Bot & Dolly "Box" is next-level video experiment in projection-mapping

This week the team at Bot & Dolly – a group that works with 3D objects and video to experiment with art and live performance – have created a new experiment with live projection on moving objects. This project is known as "Box", and works with projection-mapping – projecting images on to spots that are mapped and tracked as the projector seeks them from afar. The result is a video demonstration you the don't have to be technically aware of to enjoy.

Projection mapping is a technology that allows the projection of light – like a video projector at a movie in a theater – to appear on objects in odd spaces. These objects can be 3D, this sort of method appearing as early as then 1969 premiere of Disney's Haunted Mansion ride. Techniques have become a whole lot more advanced since then, as seen in the Box video you're about to witness.

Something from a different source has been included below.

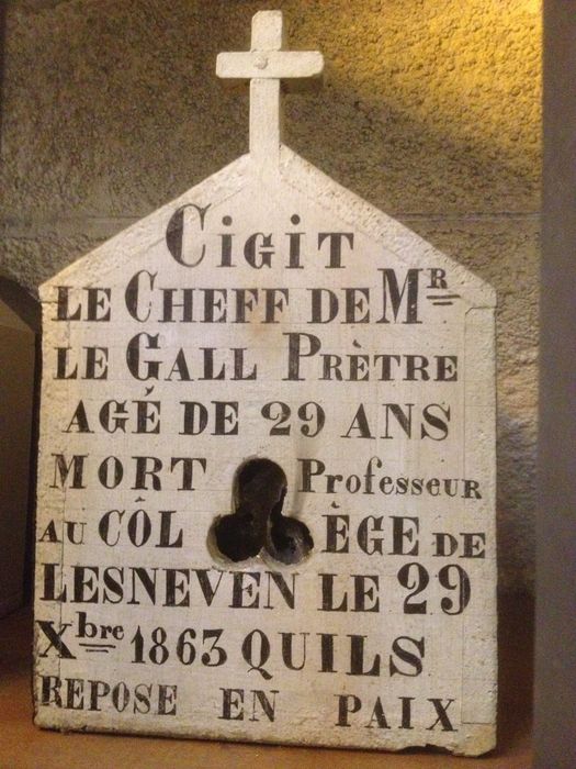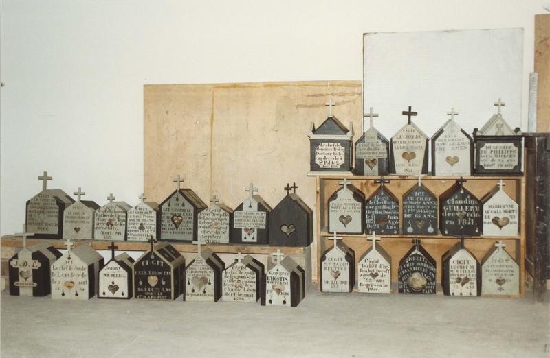 35 boîtes en forme de chapelle surmontée d'une croix. La face antérieure, percée d'un coeur ou d'un trèfle, laisse apercevoir chaque crâne à l'intérieur. L'une des boîtes est vide (vol d'un crâne en 1984).

The video demonstration in Box has no special effects added after filming. This means that everything you see, you could just as easily have seen in real life, if you were standing there in the room while this video was being captured.

This demonstration works with large scale robotics and a dash of software engineering as well. You'll see some rather sizable robotic arms controlling a couple of screens throughout the demonstration – these are similar to what we saw at Google I/O 2012 in a massive 3D object called the Kinetisphere. There it was a massive Nexus Q on an arm. Here it's a couple of flat areas on which projectors can project.

The group suggests via Engadget's Myriam Joire that they captured the full scene with a 4K camera mounted on a Kuka robot (the third of three in the scene). If this scene reminds you of Tron, you'll be interested to know that its Design Director was none other than Bradley G Munkowitz himself.